What do amphetamines look like?

Amphetamines come in the form of tablets or an off white/grey powder. Amphetamines are commonly sold as a wrap. A wrap is usually squares of glossy paper or self sealed plastic bags.

How are amphetamines taken?

Amphetamines can be snorted, smoked, swallowed, injected or mixed into a drink. Snorting amphetamines can damage your nose and injecting them is extremely dangerous. Many serious diseases such as H.I.V. are spread by people sharing needles. Remember, if you must inject, always use a clean needle and never share.

What are the immediate effects of taking amphetamines?

Amphetamines are powerful drugs, they ‘speed’ up your whole body, increasing the heart rate, blood pressure and breathing. Amphetamines make the user feel excited, confident and energetic. Some people use amphetamines to suppress their appetite, so they can go for a long time without eating.

If you take amphetamines day after day you won’t be able to sleep or eat, so you’ll soon get exhausted. You may also experience panic and  hallucinations.

What are the long-term effects of taking amphetamines?
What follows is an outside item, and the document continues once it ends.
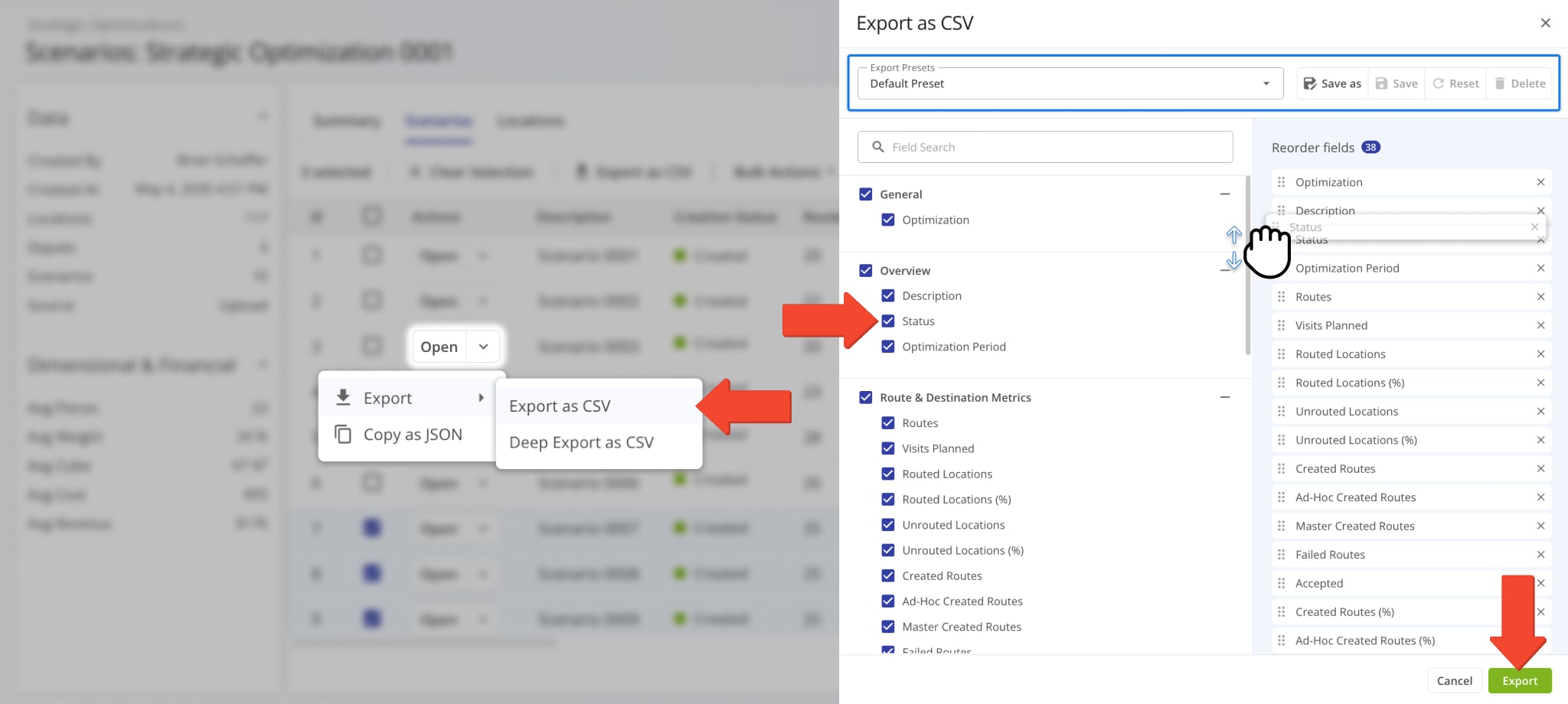 Export Scenarios And Routes As Customizable CSVs And JSON Code

There are many health risks from taking this type of drug. While on the drug the user may become tense and anxious and it can leave them feeling depressed, paranoid and tired for days after. Long-term use can cause mental illness and will put a strain on the heart, due to increased blood pressure.

If you have been taking amphetamines for some time and then you stop, you’ll go through a withdrawal period. This means you will suffer from symptoms such as; cramps, fever, sweating, feelings of extreme fatigue, hunger and depression.

What class drug is an amphetamine?

By law, amphetamines are a class B drug but move up to class A if they are prepared for injection.